**Exercise details**
Line tally for the word "also": count the lines below that contain it and reply with the number alone.

**Information given**
□ □ □ □ □

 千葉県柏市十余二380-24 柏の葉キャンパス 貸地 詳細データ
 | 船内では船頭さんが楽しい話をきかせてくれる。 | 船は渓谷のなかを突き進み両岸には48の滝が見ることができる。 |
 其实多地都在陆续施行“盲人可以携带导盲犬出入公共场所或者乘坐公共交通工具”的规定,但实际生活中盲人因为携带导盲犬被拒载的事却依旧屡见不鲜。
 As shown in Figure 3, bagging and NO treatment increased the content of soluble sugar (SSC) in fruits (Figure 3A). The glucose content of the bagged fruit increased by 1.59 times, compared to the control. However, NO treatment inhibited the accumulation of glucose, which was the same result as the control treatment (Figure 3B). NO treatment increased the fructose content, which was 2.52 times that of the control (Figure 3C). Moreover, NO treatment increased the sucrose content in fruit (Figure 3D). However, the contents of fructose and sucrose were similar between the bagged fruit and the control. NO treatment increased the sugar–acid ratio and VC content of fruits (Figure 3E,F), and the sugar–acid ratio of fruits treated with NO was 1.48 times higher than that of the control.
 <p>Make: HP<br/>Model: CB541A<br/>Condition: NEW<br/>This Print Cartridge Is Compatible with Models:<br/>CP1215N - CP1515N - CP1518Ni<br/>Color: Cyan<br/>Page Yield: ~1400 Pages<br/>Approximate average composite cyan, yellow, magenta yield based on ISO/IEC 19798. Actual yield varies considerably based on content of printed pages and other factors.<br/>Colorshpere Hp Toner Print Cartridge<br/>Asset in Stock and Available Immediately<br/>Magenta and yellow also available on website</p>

□ □ □ □ □

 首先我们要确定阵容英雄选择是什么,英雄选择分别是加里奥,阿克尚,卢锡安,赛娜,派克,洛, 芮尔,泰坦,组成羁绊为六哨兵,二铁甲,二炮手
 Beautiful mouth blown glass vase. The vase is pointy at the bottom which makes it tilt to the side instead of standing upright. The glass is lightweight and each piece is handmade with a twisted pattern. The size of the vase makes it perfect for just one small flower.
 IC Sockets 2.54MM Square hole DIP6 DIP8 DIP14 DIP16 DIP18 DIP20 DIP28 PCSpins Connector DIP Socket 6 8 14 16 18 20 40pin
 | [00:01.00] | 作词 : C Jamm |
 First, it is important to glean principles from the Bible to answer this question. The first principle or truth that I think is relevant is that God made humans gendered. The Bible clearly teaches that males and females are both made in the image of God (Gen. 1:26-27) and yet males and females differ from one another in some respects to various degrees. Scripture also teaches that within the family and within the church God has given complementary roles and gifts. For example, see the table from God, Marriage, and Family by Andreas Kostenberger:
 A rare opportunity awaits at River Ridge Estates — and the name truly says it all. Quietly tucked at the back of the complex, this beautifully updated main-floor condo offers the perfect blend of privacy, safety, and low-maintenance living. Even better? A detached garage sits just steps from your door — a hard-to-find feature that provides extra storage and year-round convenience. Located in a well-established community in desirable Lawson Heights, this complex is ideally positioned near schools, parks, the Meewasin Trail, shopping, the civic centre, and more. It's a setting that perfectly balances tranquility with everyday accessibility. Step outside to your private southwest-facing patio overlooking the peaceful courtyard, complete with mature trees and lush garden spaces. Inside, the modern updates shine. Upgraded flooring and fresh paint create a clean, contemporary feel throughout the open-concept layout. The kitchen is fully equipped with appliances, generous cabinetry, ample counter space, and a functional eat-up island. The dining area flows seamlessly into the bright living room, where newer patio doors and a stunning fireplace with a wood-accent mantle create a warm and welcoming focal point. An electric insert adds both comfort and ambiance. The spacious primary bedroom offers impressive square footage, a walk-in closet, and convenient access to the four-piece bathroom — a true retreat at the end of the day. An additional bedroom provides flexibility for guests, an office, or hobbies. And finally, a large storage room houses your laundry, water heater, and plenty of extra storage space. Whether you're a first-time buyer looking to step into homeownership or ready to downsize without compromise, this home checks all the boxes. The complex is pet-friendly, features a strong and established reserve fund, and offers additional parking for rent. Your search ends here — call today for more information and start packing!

□ □ □ □ □

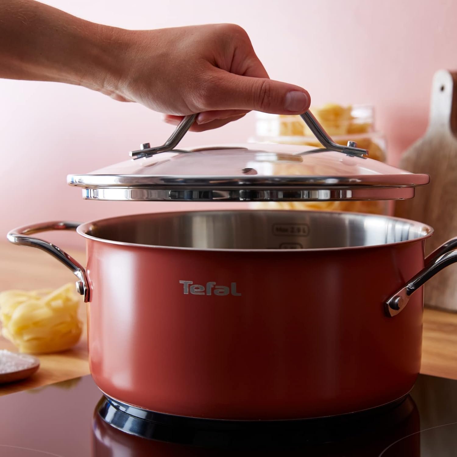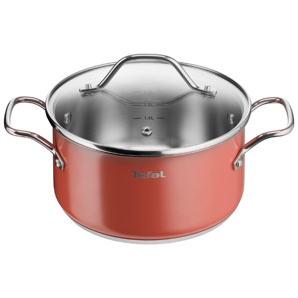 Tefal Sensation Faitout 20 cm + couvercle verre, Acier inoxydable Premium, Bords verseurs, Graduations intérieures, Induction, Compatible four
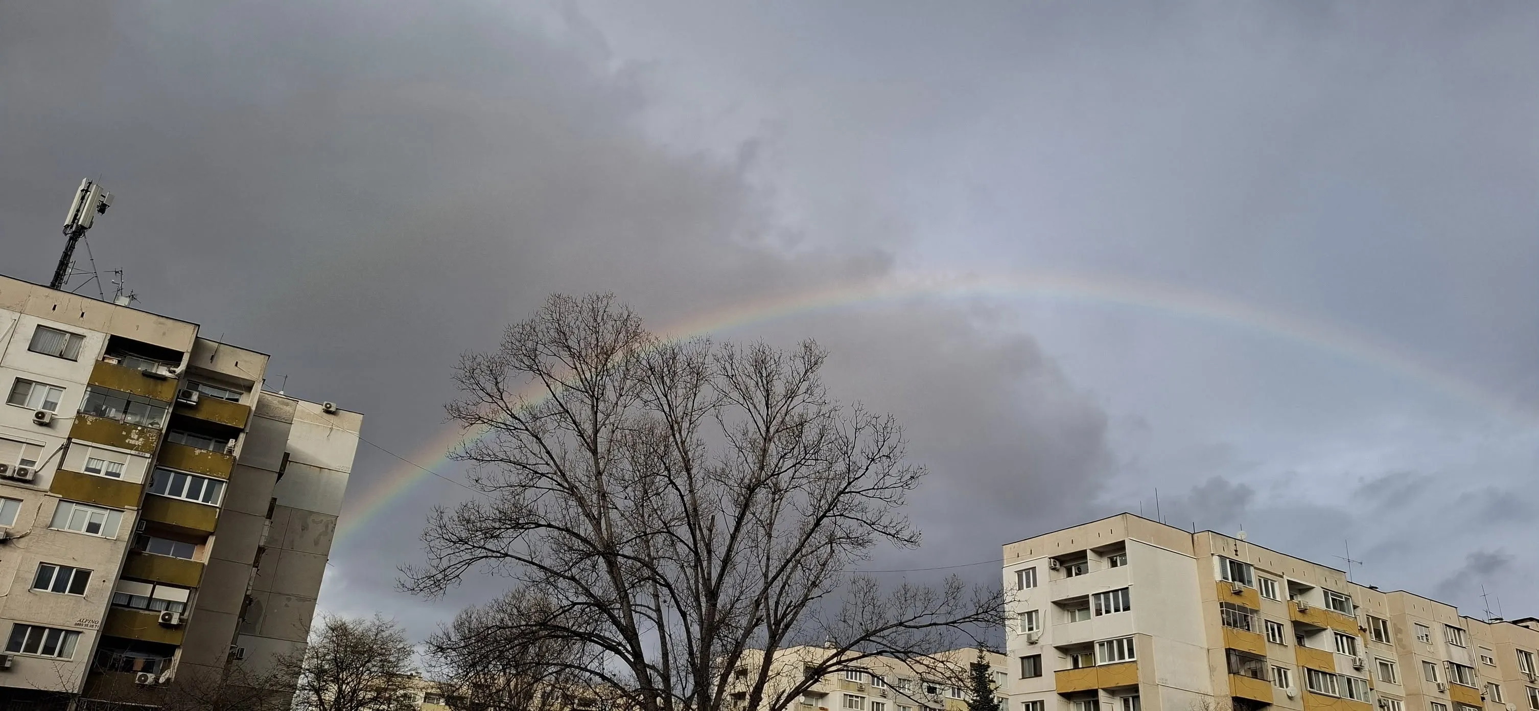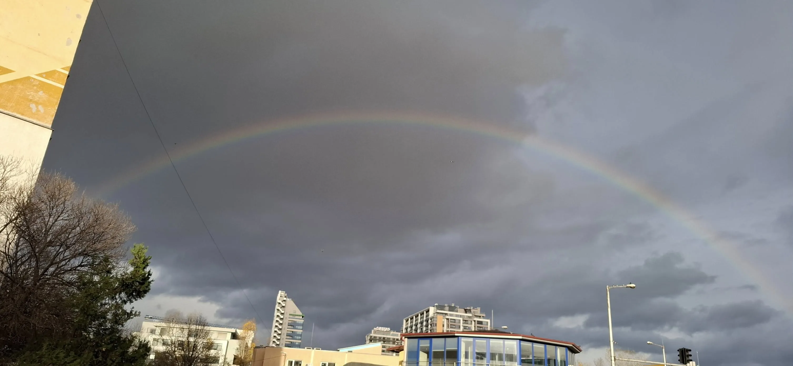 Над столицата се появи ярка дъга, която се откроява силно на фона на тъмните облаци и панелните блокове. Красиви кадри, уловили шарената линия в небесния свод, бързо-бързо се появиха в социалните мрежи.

□ □ □ □ □

**Answer area**
2